The eval suite needs its own infrastructure: a place to store golden test cases, a runner that calls Claude with the production prompts and current retrieval logic, and a scoring layer that compares outputs to expected behaviors. The scoring is the hard part — it’s usually Claude itself acting as judge, scoring the candidate output on a rubric. Build this once, properly, in V1; you’ll lean on it for V1.5 agent evals and again for V2 cross-platform evals.
Secrets, briefly, because they touch CI/CD.
Secrets live in Secret Manager, per environment. CI workflows access secrets via Workload Identity Federation — no service account keys, no JSON files in GitHub secrets. WIF lets a GitHub Actions workflow assume a GCP identity based on the repo and branch, with no long-lived credentials anywhere. Set this up once and you’ll never go back to service account keys. Claude Code can scaffold the WIF setup; it’s a moderately fiddly Terraform module that has a lot of working examples to reference.
Application code reads secrets at startup from Secret Manager, not from environment variables. This means rotating a secret doesn’t require a redeploy — restart the service and it picks up the new value. It also means secrets aren’t visible in deployment configs, audit logs of gcloud run deploy, or in the Cloud Run revision UI.

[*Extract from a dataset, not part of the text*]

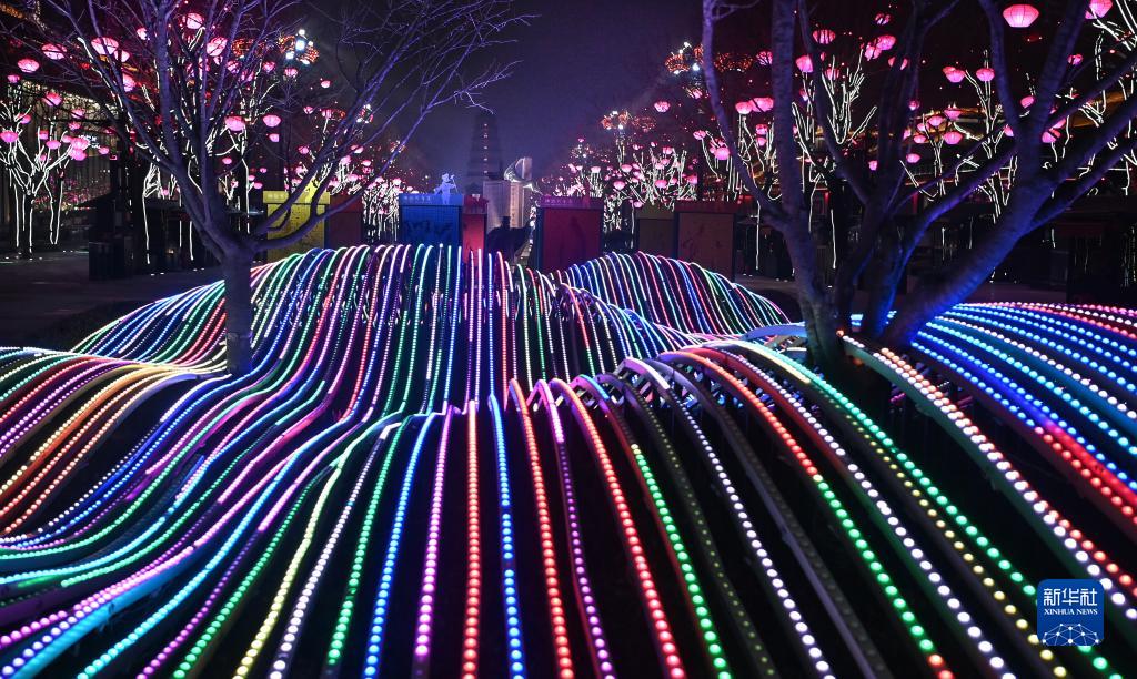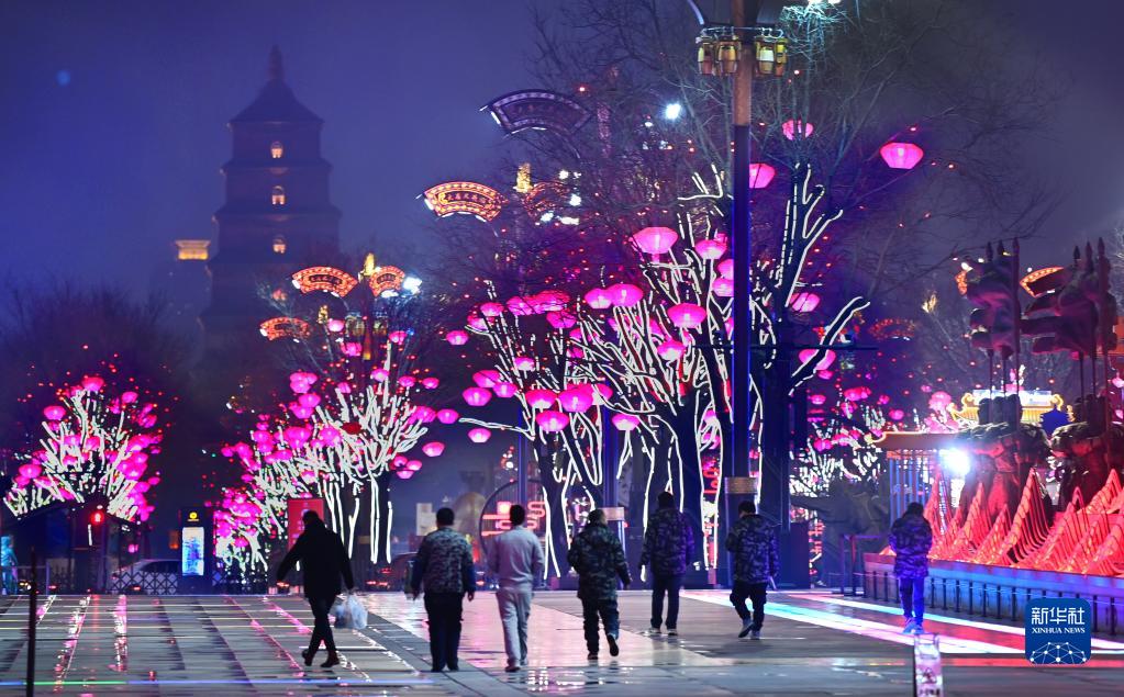 春節(jié)臨近,西安市大唐不夜城點(diǎn)亮璀璨奪目的燈光,迎接新春佳節(jié)的到來。

The one secret category that’s different: build-time secrets like the Anthropic API key used by the eval suite in CI. Those go through GitHub’s encrypted secrets, scoped to the appropriate environment, and never written to logs.
What the team needs to build vs configure.

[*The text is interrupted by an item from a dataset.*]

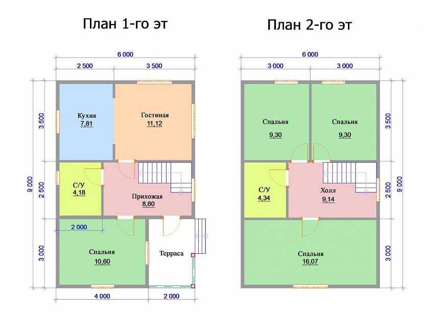 Планировка двухэтажного дома 6 на 9Источник drevolog.ru

For V1, this entire pipeline is mostly configuration and Terraform, not application code. With Claude Code, scaffolding it is a one-week project for a single engineer if they’re focused. The non-obvious time sink is testing the pipeline — running through every failure mode (failed migration, failed deploy, failed rollback, leaked secret rotation) in staging until you trust it. Budget the second week for that.

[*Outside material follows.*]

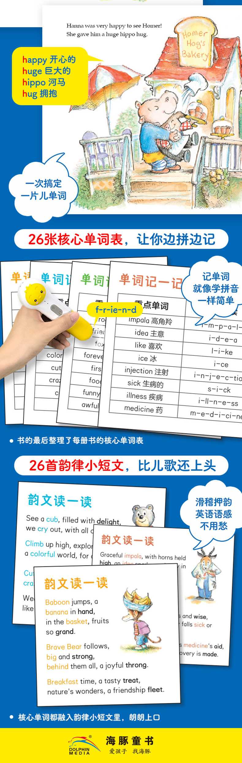 《神奇单词双语绘本玩转A TO Z》是《帕丁顿熊》插画师R.W.阿利的又一动画绘本巨献,超可爱又有童趣的画风,每个孩子都会喜欢!26个故事聚焦孩子成长过程中家长关心的方方面面,有性格养成、习惯培养、安全教育、情绪管理、心态建设等等,解决3~6岁孩子成长中的育儿难题。每本故事聚焦解决一个字母相关的英语拼读难题,26本书聚集了接近800个重点单词的拼读,帮助英语初级阶段的孩子进行单词启蒙!

The temptation will be to ship the application before the pipeline is fully solid because “we can fix CI/CD later.” Resist it. The pipeline is the thing that lets you ship safely once you have customers; building it under pressure post-launch is how outages happen.
The decisions to make to move forward.
-
GitHub Actions or Cloud Build. Recommendation: GitHub Actions. Better ecosystem, better Claude Code support for scaffolding, easier to reason about, and the one place Cloud Build wins (tight GCP integration) is no longer meaningful. The team’s repos are likely already on GitHub.
-
One repo for app + migrations, separate repo for Terraform. Recommendation: yes. The cadence and access patterns are different enough to justify the split.
-
Manual approval gate on prod for both code and infra. Recommendation: yes, via GitHub Actions environments with required reviewers. Friction is the point — every prod deploy should have an intentional human in it during V1.
-
Workload Identity Federation from day one. Recommendation: yes. Service account keys are a known footgun and there’s no reason to start with them.
-
Eval suite as nightly drift detection in V1, hard release gate in V1.5. Recommendation: yes, and this is a build commitment Seth should own personally because it’s the thing that protects the brand promise.
-
Expand-contract migration discipline as a documented team norm, not a tool-enforced rule. Recommendation: yes. Tools can’t catch every variant; a team norm enforced through code review can.
The natural next threads from here are: observability and incident response (logging, metrics, tracing, on-call structure — and how privacy counsel’s audit-log requirements get satisfied through the same system), secrets management at depth (key rotation, customer Stripe tokens, the OAuth refresh token storage), or the LLM cost-control architecture (per-customer budget caps, the entitlement layer’s role in routing, the abuse-prevention pieces).